This pipeline runs entirely in the pixel domain for the non-cooperative case. The first element of the pipeline — the deep learning object detector — has the same adversarial vulnerability as any deep learning vision model. The adversarial attack surface is the frame buffer between the EO/IR camera sensor and the object detector's inference engine.
Two adversarial attack variants on the DAA state estimation pipeline
Adversarial injection into the EO/IR DAA pipeline takes two distinct forms, producing opposite failure modes in the ACAS Xu advisory output.

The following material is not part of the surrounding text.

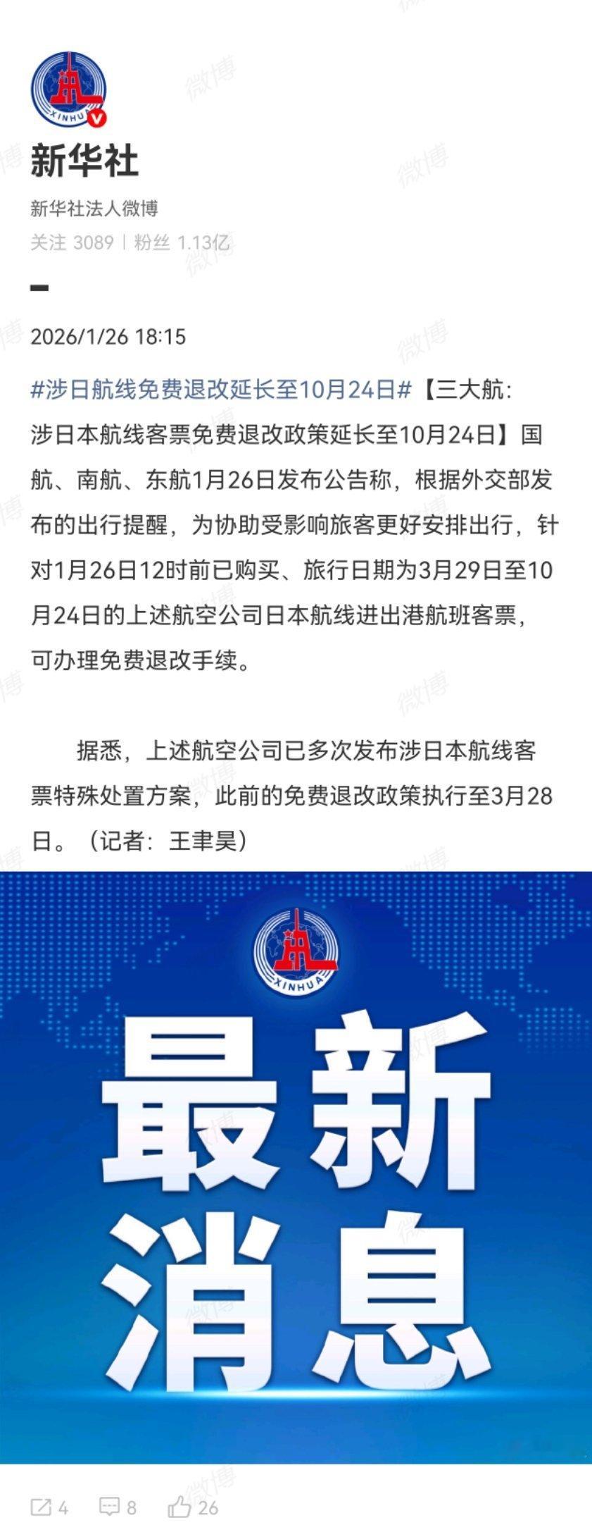 提醒中国公民近期避免前往日本,三大航涉日本航班免费退改延长至10月24号。➤要听

Variant 1: Intruder suppression — eliminating a real intruder from the state estimate
The suppression attack crafts a pixel perturbation applied to the EO/IR camera frame at the point where a real non-cooperative intruder is detectable. The perturbation reduces the detector's confidence for the aircraft class at that bounding box location below its detection threshold, causing the detection to be dropped. A single-frame suppression would be filtered by the Kalman track's coasted prediction (the track continues to propagate for 2–5 frames after a detection dropout before being flagged as lost). A sustained suppression — applied across a sequence of frames during an approaching intruder's close-geometry phase — causes the Kalman track to be marked lost, removing the intruder's state estimate from the ACAS Xu input. ACAS Xu, receiving no intruder state, issues no RA. The non-cooperative intruder continues its approach without any avoidance maneuver from the UAS.

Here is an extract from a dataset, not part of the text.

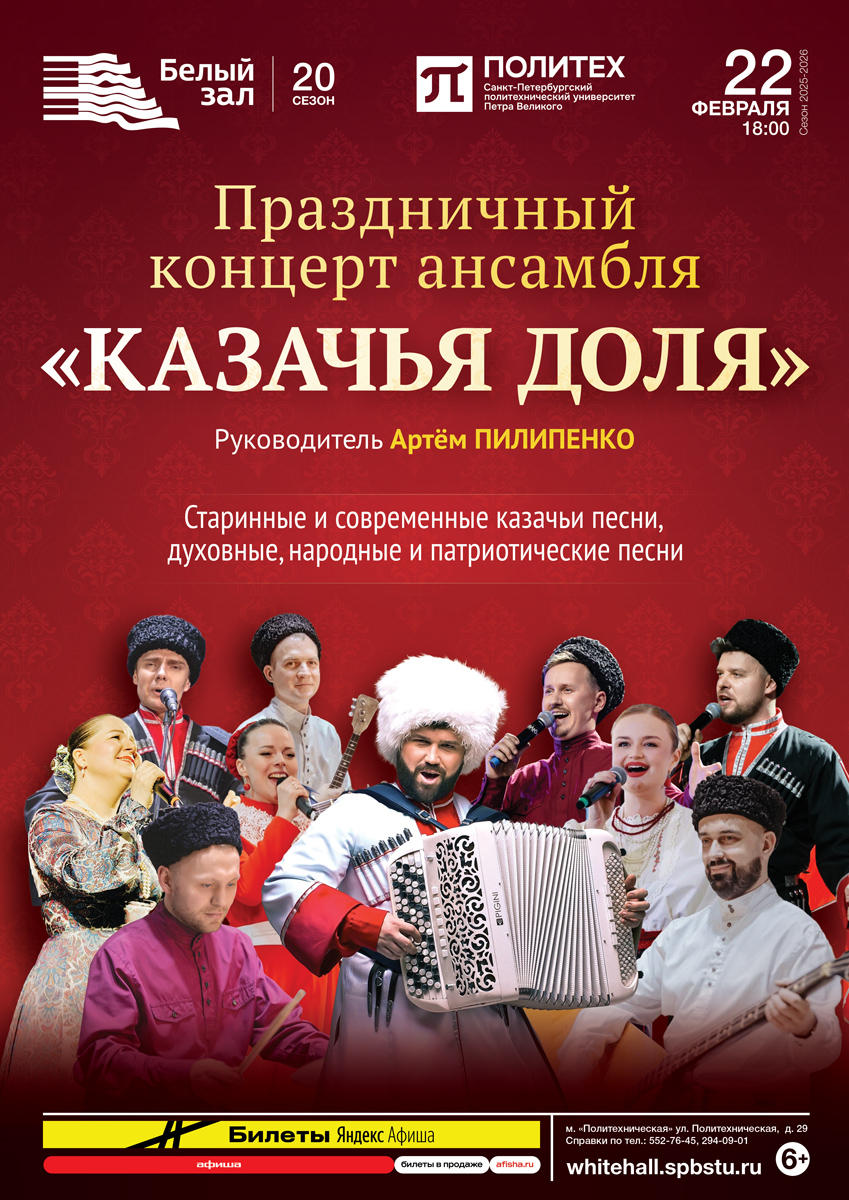 «Казачья доля» под руководством Артема Пилипенко исполнит казачьи песни, среди которых любимые и знакомые всем — «Ой, то не вечер», «Доля, моя доля», «Ой, при лужку» и многие другие.
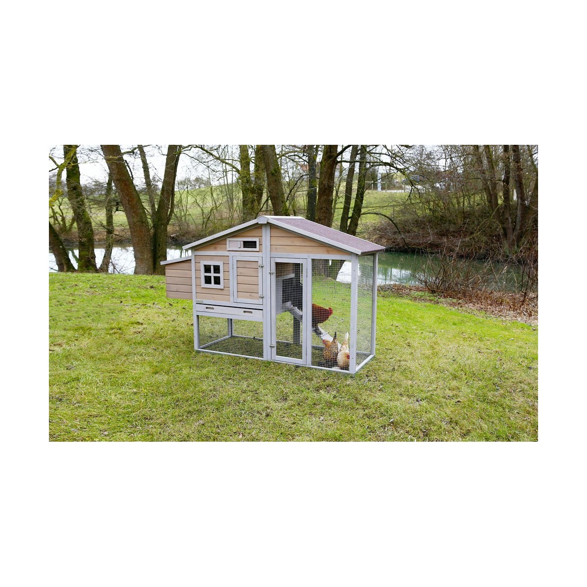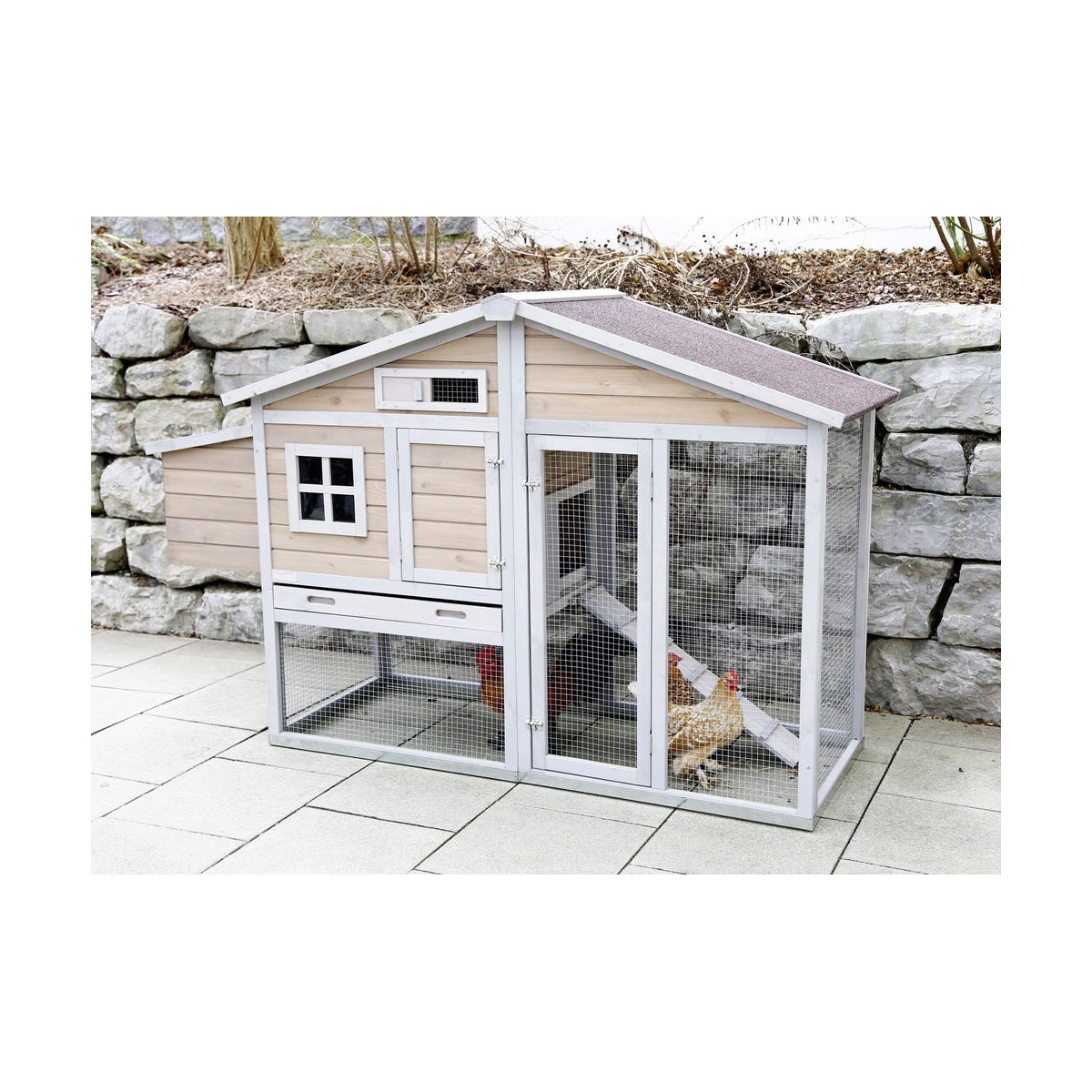 Realizzato in abete cinese di alta qualità, con finestra scorrevole per una circolazione dell'aria variabile, telaio metallico a terra protegge dall'umidità e dal deterioramento del legno, maggiore sicurezza grazie a una serratura aggiuntiva per porta, l'accesso tra il recinto esterno e l'area di riposo può essere bloccato. Smaltato con colore legno protettivo con tetto in bitume resistente alle intemperie.

The suppression perturbation targets the spatial location in the camera frame corresponding to the intruder's projected position. At 1 nautical mile range, the intruder occupies a 5–15 pixel region — a small, geometrically predictable target given the intruder's bearing and known approach geometry. The perturbation magnitude required to suppress a confident (IoU ≥ 0.5) YOLO detection is well-characterized in the adversarial ML literature for small-object detection tasks: an L-infinity perturbation of ε = 4–8 pixel intensity units (out of 255) is typically sufficient for modern YOLO architectures on aircraft detection, below the threshold of visual detectability at normal display brightness. The suppression perturbation does not need to be invisible to the camera sensor log — it needs to be invisible in the composite situational awareness display used by the remote pilot in command (RPIC) viewing the downlinked video, which is typically compressed at 4–8:1 before transmission and rendered at lower resolution on the ground station display.

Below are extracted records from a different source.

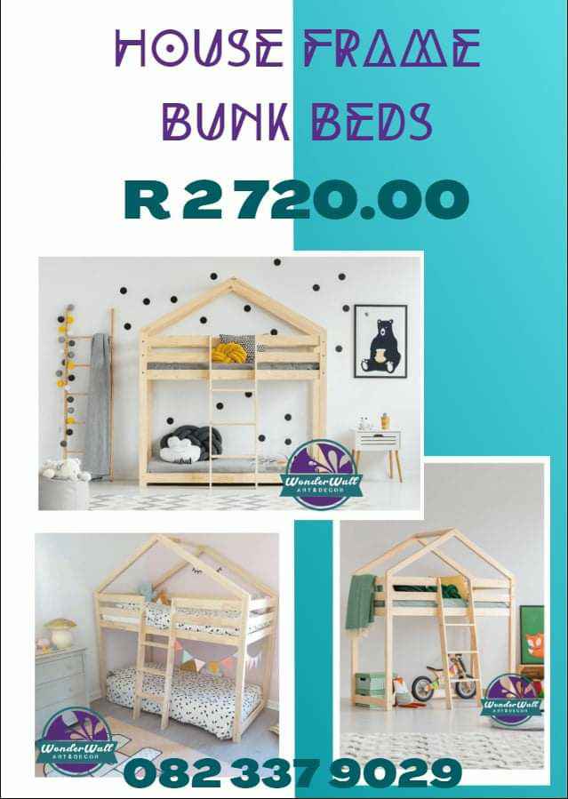 House Frame Bunk Beds @ WonderWall Only R 2 720.00 So much fun, Dress these beds up in your little ones favourite theme and make it so they want to go to bed. Made from Solid SA Kiln Dried pine, to ensure the bed is sturdy and safe and will last you a life time. PLEASE NOTE: All WonderWall Furniture is manufactured on Order, Prices do not include Delivery. To place your orders Contact us: 082 337 9029view more Follow us on Facebook: https://www.facebook.com/Wonderwallfurn #WonderWall #Customdesigns #Ilovemyhome #homedesign #bunkbeds #woodenfurniture #styleyourhome #homedecor #woodworking #homesweethome
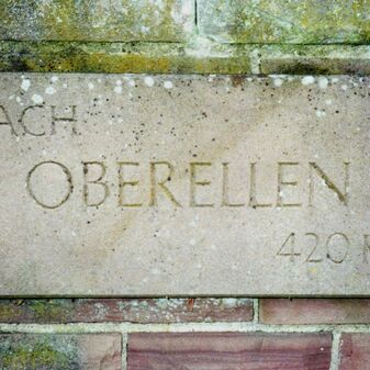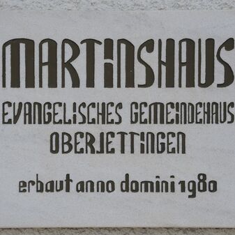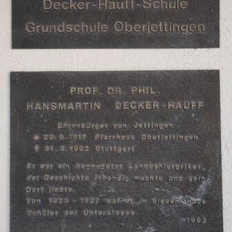 Am vorderen Denkmal: Namen der Verstorbenen und Orte // Ihren im Weltkrieg / 1914-1918 / gefallenen Söhnen. Die / dankbare Heimatgemeinde / Oberjettingen. // Sei getreu bis an den / Tod, so will ich dir die / Krone des Lebens geben. / Offenbarung 2, Vers 20 // Und wer den Tod / im heiligen Kampfe fand, / ruht auch in fremder / Erde im Vaterland. // Ich bin die Auferstehung / und das Leben. Wer / an mich glaubt, der wird / leben, ob er gleich stürbe. / Johannes 11, Vers 25. Am hinteren Denkmal: DEN TOTEN DES ZWEITEN WELTKRIEGES 1939-1945 IN TREUEM GEDENKEN / GEWIDMET VON DER / GEMEINDE OBERJETTINGEN
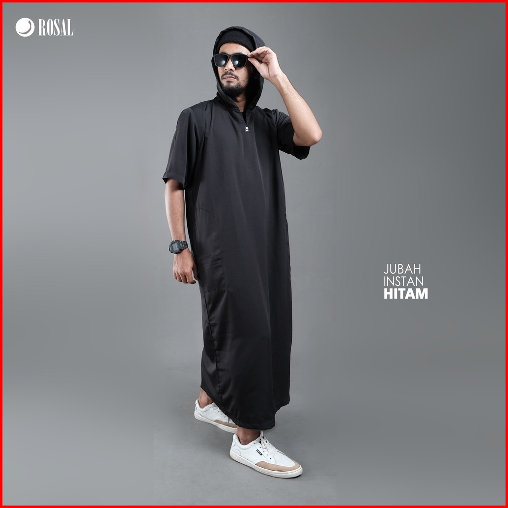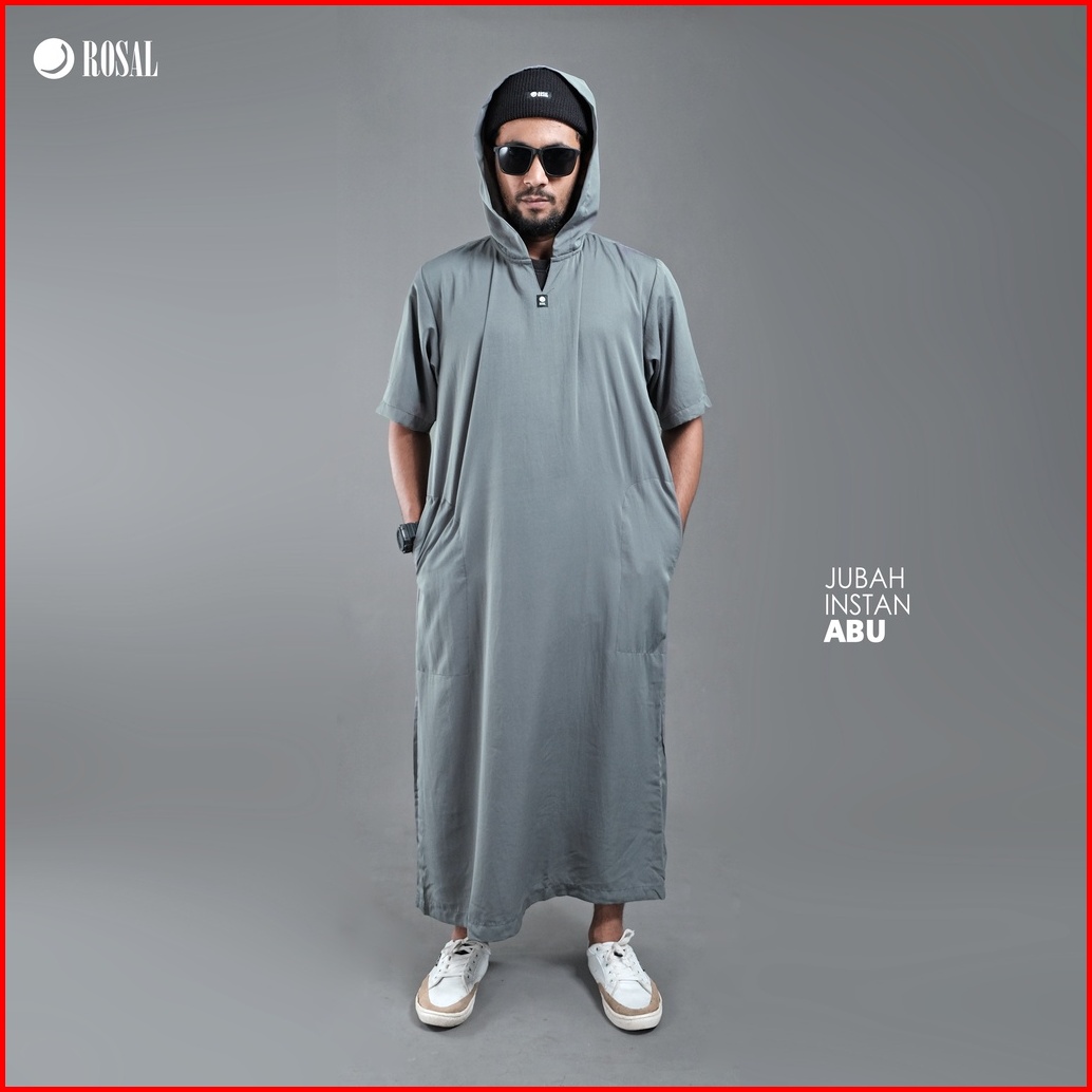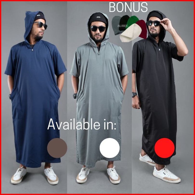 Jubah Gamis Pria Lengan Pendek Hoodie Bahan Katun Baby Silk Adem Ukuran M-3xl By Rosal

Variant 2: Phantom intruder injection — fabricating a non-existent intruder
The phantom injection attack adds adversarially crafted pixel patterns at locations in the EO/IR frame where no real aircraft is present, causing the detector to produce false-positive aircraft detections at fabricated positions. The fabricated position is chosen to produce a specific set of state vector values — ρ, θ, ψ — when processed through the range and bearing estimation pipeline, generating a phantom intruder state estimate that feeds ACAS Xu and triggers an RA against a non-existent threat.
The consequence of a phantom RA in an autonomous UAS depends on the advisory type. A phantom COC (no avoidance advisory) for a fabricated intruder that is placed geometrically far away in the state space has no operational consequence. The dangerous phantom is one designed to trigger a strong avoidance advisory — Climb or Descend — by fabricating an intruder in a close, dangerous geometric configuration (small ρ, small τ, adverse relative altitude). The UAS autopilot executes the strong RA, climbing or descending into airspace that may contain actual aircraft not currently tracked by the DAA system — trading a phantom collision risk for a real one.
The phantom injection attack also functions as a denial-of-service in high-traffic airspace: fabricating multiple phantom intruders in conflicting geometries forces ACAS Xu into a continuous RA-issuing state, causing the UAS to maneuver repeatedly and preventing it from proceeding on its planned route. This exploits the ACAS X coordination logic, which is designed to issue RAs for all tracked intruders simultaneously in multi-intruder encounters — a feature that becomes an availability vulnerability when the intruder population can be fabricated at will.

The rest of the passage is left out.